Organisée par l’Association de la Pensée Complexe (Paris)et l’université Candido-Mendez (Rio), la manifestation avait comme objectifs de rassembler des gens qui, dans leur discipline, ont déjà réfléchi au concept de complexité. Le public était constitué d’une cinquantaine de personnes, intervenants de diverses origines et étudiants de Rio.
Les journées se déroulaient selon deux modalités :
- les plénières (en espagnol, portugais-brésilien et français)avec des conférences de philosophes et de sociologues pour la plupart ;
- les ateliers, qui ont été trop limités dans le temps, se déroulaient uniquement en espagnol.

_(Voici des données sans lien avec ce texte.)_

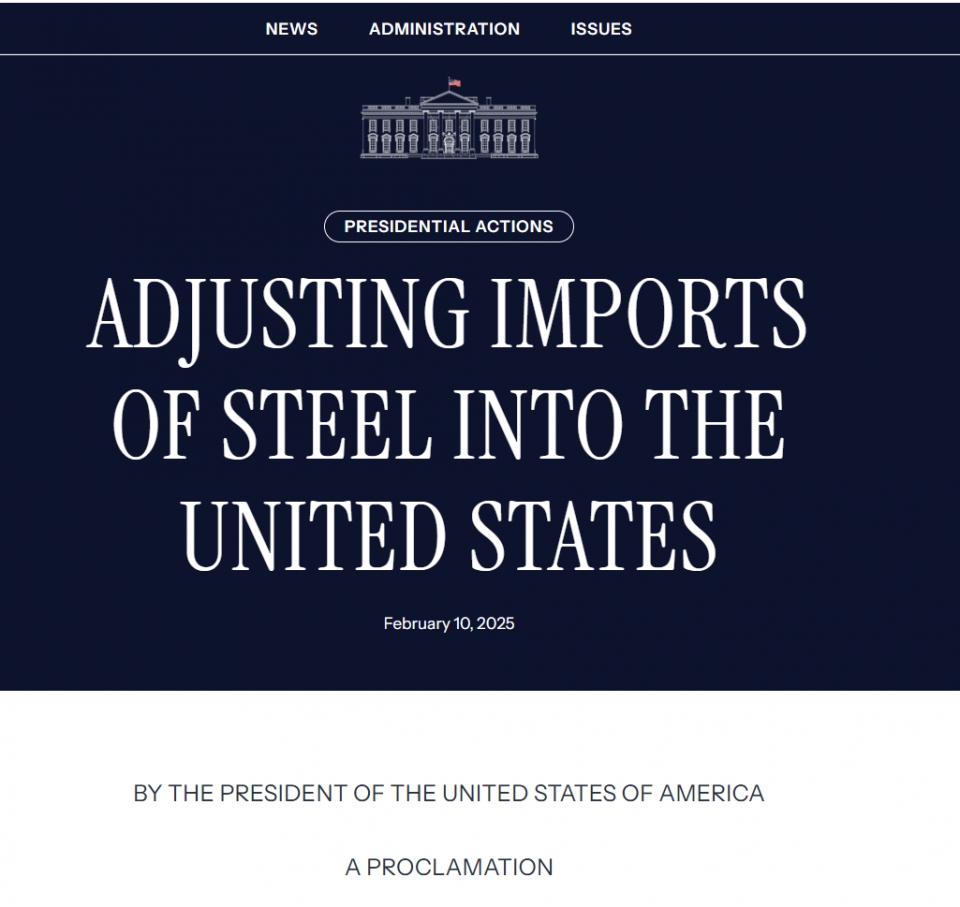 현지시각 10일, 미 백악관은 홈페이지를 통해 대통령 선언문을 공개하며 모든 철강 수입에 25% 보편관세를 부과하고 기존 각 나라와 맺은 철강 관세 합의(쿼터제 포함)를 미국 대통령의 권한으로 무효화한다는 주장을 올렸다.

Cette manifestation était très fortement centrée sur la pensée " complexe " d’Edgar Morin et s’est déroulée d’une manière assez universitaire. L’un de ses aspects les plus positifs était sans doute l’impulsion que pouvait donner à de jeunes chercheurs une connaissance plus approfondie du thème des journées.
Pour Yves de Bretagne, qui représentait la Fondation à cette rencontre, les journées de Rio peuvent servir avant tout de déclic : la modification de la pensée n’interviendra que si elle est passée en premier lieu dans le domaine éducatif. D’où l’idée d’ouvrir dans l’Alliance un chantier " éducation ". Un nouveau rythme pourrait ainsi être impulsé à ce qui est en cours de réflexion à propos de l’éducation.
Les incidences d’un thème central : Même s’il est riche et bien développé, un thème central (ici, un concept, la pensée complexe)ne peut réellement alimenter la force d’une rencontre que s’il se trouve en prise avec des forces d’action, soit que celles-ci soient présentes et exprimées par les intervenants ou les participants, soient qu’elles soient clairement dégagées des propositions académiques ou généralistes.
Les incidences d’une " vedette " : S’il est intéressant qu’une personnalité intellectuelle, sociale ou politique soit au cour d’une rencontre, le danger de la starification est toujours là. Des garde-fous sont donc à trouver pour que la " vedette " en question soit avant tout à l’écoute de son public. Pourquoi ne pas commencer par des questions du public, puisque beaucoup de participants connaissent déjà la " pensée du maître " ?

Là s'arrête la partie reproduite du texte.